It hung to the wall by a single nail and swung for a sickening second.

Nobody had seen what happened. Pru instinctively slapped the Down button. The elevator opened immediately and she went back in, back to the lobby, and back up to four again, a form of time travel. She would start her day over and everything would be okay.

II (P) iv:
Grime was obnoxiously chipper that post-party day, Glottis headset on, great power as he paced. He had his smug face on, his hair in some semblance of order. He tried to talk to Lizzie but Lizzie wasn’t talking to him. Every time he came by she was on the phone talking or pretending to talk with Pru or her mom or Liz, the secretary of the Californians.

Grime had the swipe box in his hand, shaking his head.
This was all Russell’s bright idea,
he told no one in particular. When Laars made a coffee run at two he saw that the box was back in place.

II (P) v:
Crease contemplated loose ends. No one wanted to tell him what had happened, or must have happened, between HABAW and Jonah, who appeared to be absent today—Jonah, his alleged friend.

It didn’t matter. Crease could imagine the scene. He’d spied them leaving together while cowering, voiceless and impotent. There had always been something untrustworthy about Jonah.

He passed Pru in the Red Alcove and took a seat among the catalogs and magazines. He drifted asleep as the women talked, inhaling the perfumed ads, his head almost but not quite on Pru’s shoulder, then almost but not quite on her lap. Pru went back to her desk as he started to softly snore.

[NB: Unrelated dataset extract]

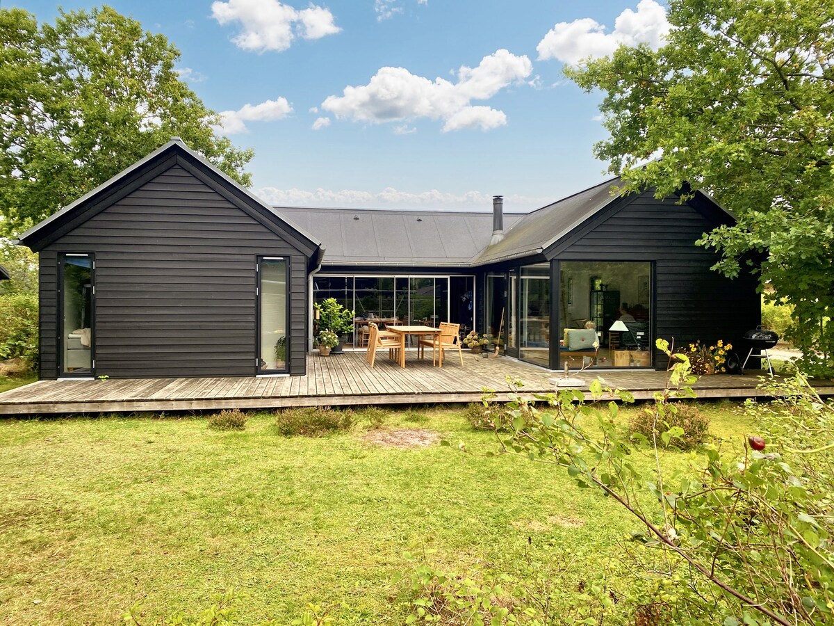 Nyt luksus sommerhus på 115 m2, med 80 m til børnevenlig strand. 3 store sovevær. og to lækre badevær. 50 m2 stort alrum indeholdende køkken med vaske/ opvaskemaskine, spisebord m. plads til 10 pers. hyggelig siddegruppe, brændeovn og stor hems med havudsigt. gæsteafdelingen har egen indgang og badeværelse. Udenfor er der en stor terrasse med læ og sol/lys fra morgen til aften. Huset ligger i tætbevokset, hyggeligt sommerhusområde. Perfekt til 3 generationer, eller to vennepar m. børn
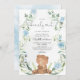 Greenery Bear Blue Flowers Boy Baby Shower Invitation

Time melted away. He felt a blanket about his shoulders and wondered,
HABAW? Could it be…?

He struggled to open his eyes, nabbed the foggiest glimpse of someone moving away. Not a woman, no, but the Unnameable, shuffling, mumbling. Crease managed a smile of thanks, tucked the blanket tighter, and sank back to sleep.

II (P) vi:
Lizzie was trying to type something as loud as she could so she didn’t have to listen to the sound of the Sprout swearing in his office. Something was definitely wrong. Were the Californians on the warpath? Every so often he’d ask her for a phone number, a printout, in a tone he might have used if asking for a new job, a new life. Most of the things he wanted were things she didn’t have. She was trying to go through Jenny’s old files, both paper and electronic, but it was all an impossible maze. She tried a global search on the network, and her computer said:
I don’t understand.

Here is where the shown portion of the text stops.